◆ About this exercise ◆
From the listing below, please restate exactly the lines beginning at the one with "Figure 2. Coronal" and ending at the one with "XT14-101-2EB 3 PLACE SLED/ 4 ATV", both included, and skip the pictures.

◆ Exercise input ◆
------------------------------------

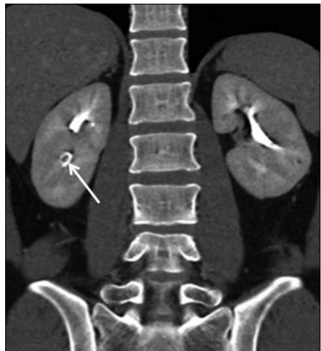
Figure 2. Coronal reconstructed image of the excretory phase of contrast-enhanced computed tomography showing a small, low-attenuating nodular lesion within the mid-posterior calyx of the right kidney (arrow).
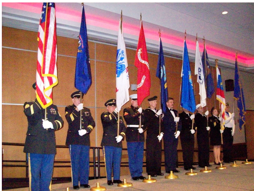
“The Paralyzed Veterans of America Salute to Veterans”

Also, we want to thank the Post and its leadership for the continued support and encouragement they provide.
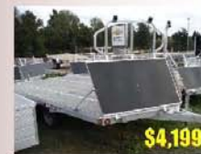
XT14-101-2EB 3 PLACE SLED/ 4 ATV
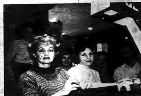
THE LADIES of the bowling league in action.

------------------------------------

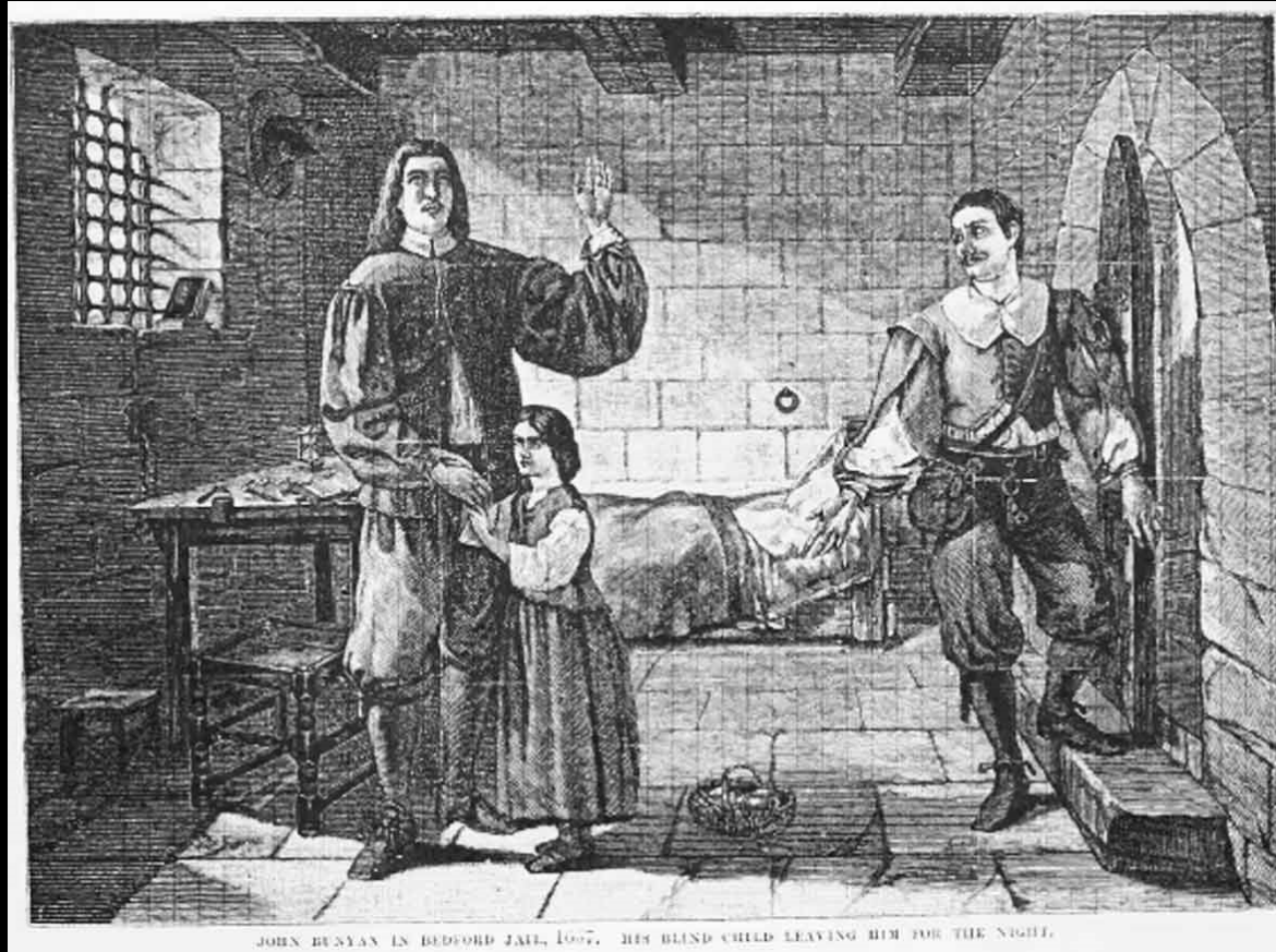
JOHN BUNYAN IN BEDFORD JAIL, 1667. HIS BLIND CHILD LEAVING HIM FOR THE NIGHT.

------------------------------------

◆ Response to the exercise ◆
Figure 2. Coronal reconstructed image of the excretory phase of contrast-enhanced computed tomography showing a small, low-attenuating nodular lesion within the mid-posterior calyx of the right kidney (arrow).
“The Paralyzed Veterans of America Salute to Veterans”

Also, we want to thank the Post and its leadership for the continued support and encouragement they provide.
XT14-101-2EB 3 PLACE SLED/ 4 ATV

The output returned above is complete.